We had finished dinner last night and Mister was working on his fantasy football team. I fixed Lamb a small ice cream cone--with a hidden pool of strawberry sauce inside--and she asked if we had time to go to the park after she finished the cone. It was getting a little late so I said perhaps not today.
But I quickly reversed myself, and told her we could go. In an age when there are so many reasons for kids to play indoors, why refuse a request to get outdoors?
Lamb has a bag of stuff she likes to take to the park: a carrot trooper (what she calls her bunny paratrooper from Easter), Nerf gun, football, binoculars, telescope, and periscope. And a water bottle. She's ready to hunt bears, it seems.
She likes to swing and have me perform the Underdog maneuver (I pull back Lamb on the swing and then run forward, pushing her up as I then run forward under the swing and out of the way to get the swinging up high quickly).
One thing about the park is that Lamb likes to chat while we are there. I sat on the swing next to her, swinging slowly. And Lamb tells me this and that. Nothing big. Just small talk between dad and daughter. Observations. Questions. Stories of games.

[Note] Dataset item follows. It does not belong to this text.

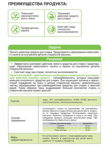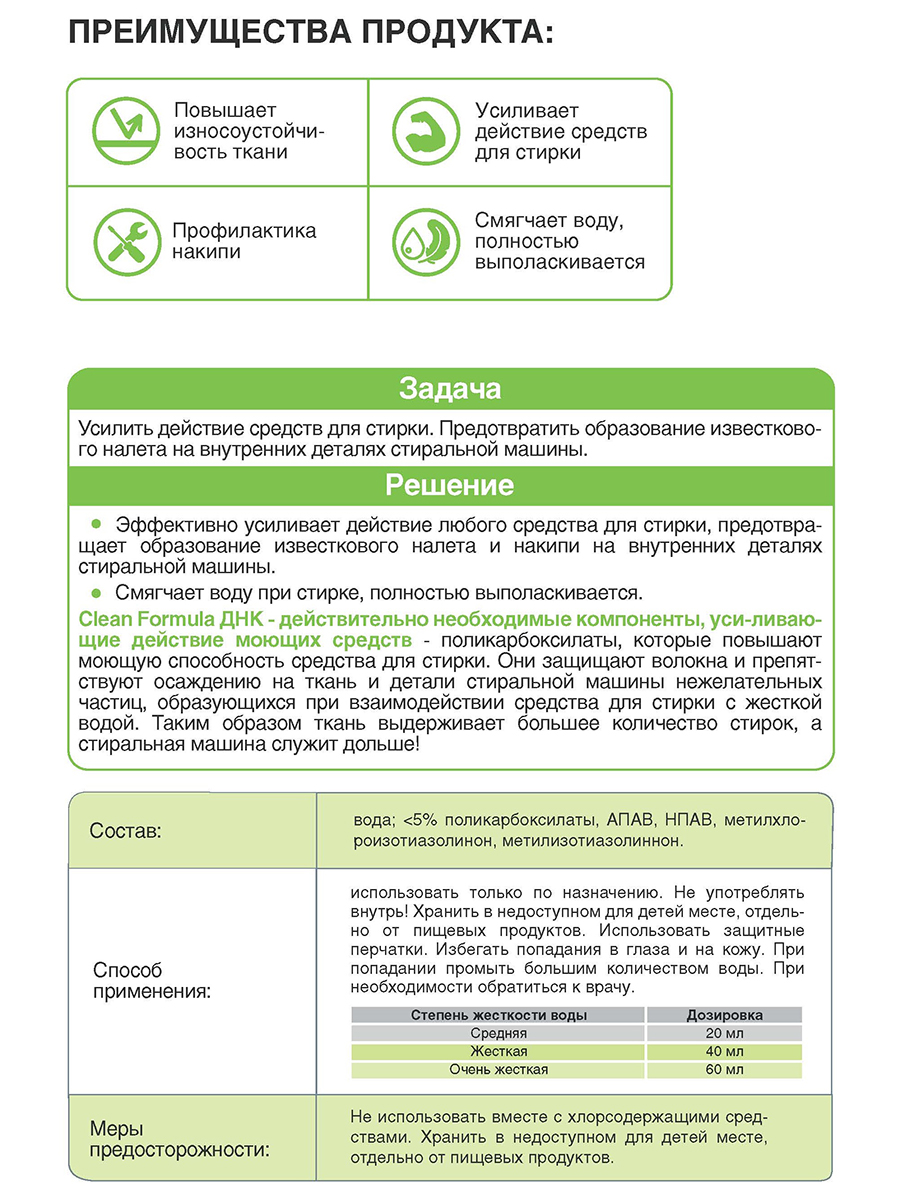 Эффективно усиливает действие любого средства для стирки, предотвращает образование известкового налета и накипи на внутренних деталях стиральной машины. Смягчает воду при стирке, полностью выполаскивается.Clean Formula ДНК Усиливающий содержит в своем составе Действительно Необходимые Компоненты. И ничего лишнего! Действующие компоненты - поликарбоксилаты повышают моющую способность средства для стирки, защищают волокна ткани и препятствуют осаждению на ткань и детали стиральной машины нежелательных частиц, образующихся при взаимодействии средства для стирки с жесткой водой. Таким образом ткань выдерживает большее количество стирок, а стиральная машина служит дольше!
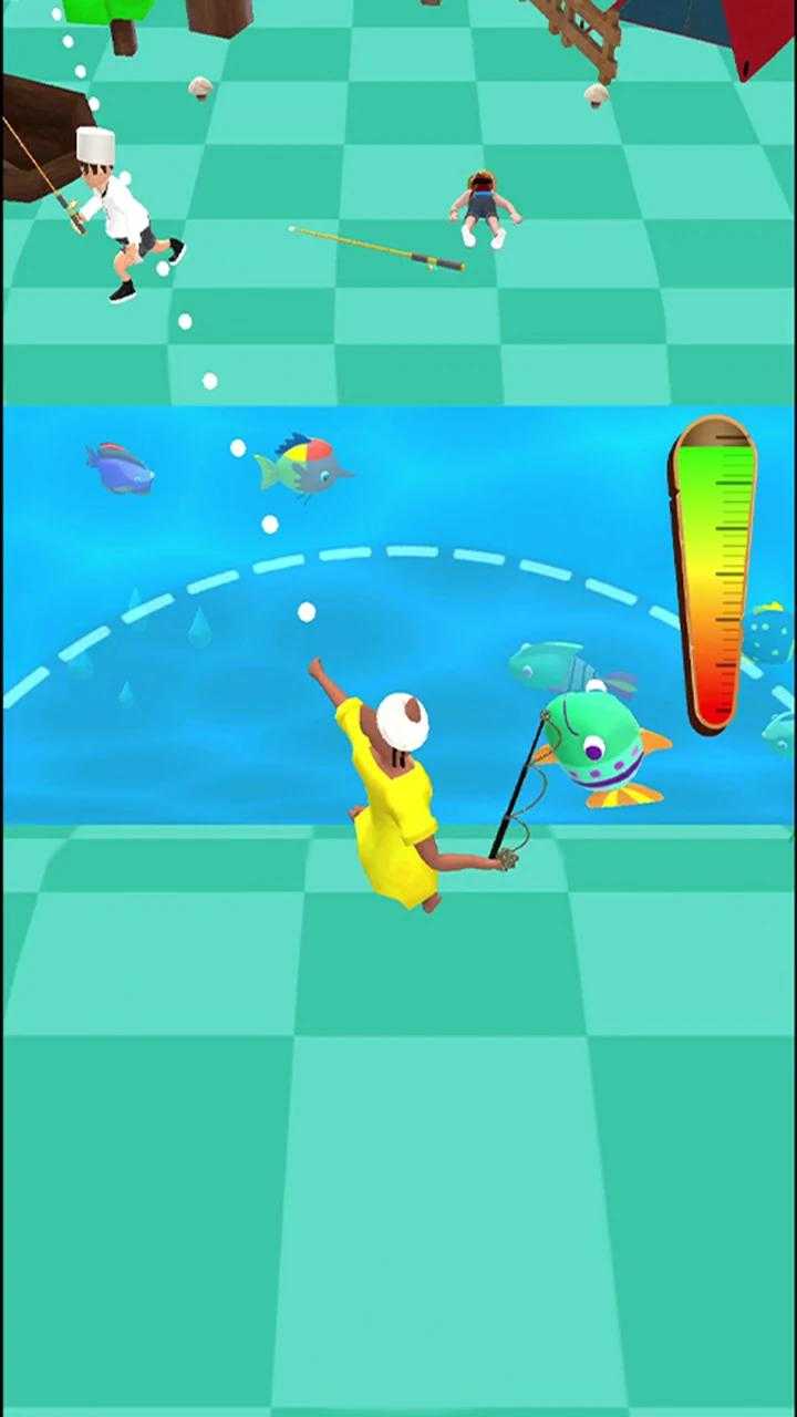 抓钩抛 所有这些都可以在与鱼的战斗游戏中完成,不仅如此,你还会发现许多不寻常的鱼皮和鱼竿 各种地图和多人游戏 游戏规则——在你的对手向你扔鱼之前,先向他扔鱼 除了鱼之外,很多其他的物体会沿着河漂浮,每一个都有它自己的效果——找出什么样的物体在等着你,它有什么属性

I'm not even sure how this started, but at one point as she's swinging by, she says to me, with a grin on her face:
Well, I guess you're my dad.
Pause as she swings by me.
And I guess you're a good one.
[begin collective "awww" now]
Well isn't that just the best endorsement you can get?
So I said to her:
Well, I guess you're my daughter.
And I know you're a good one.
I'm a lucky dad to have two great kids.
And I almost missed that moment because it was getting a bit late and I didn't really feel like going outside to play. I guess I made the right call.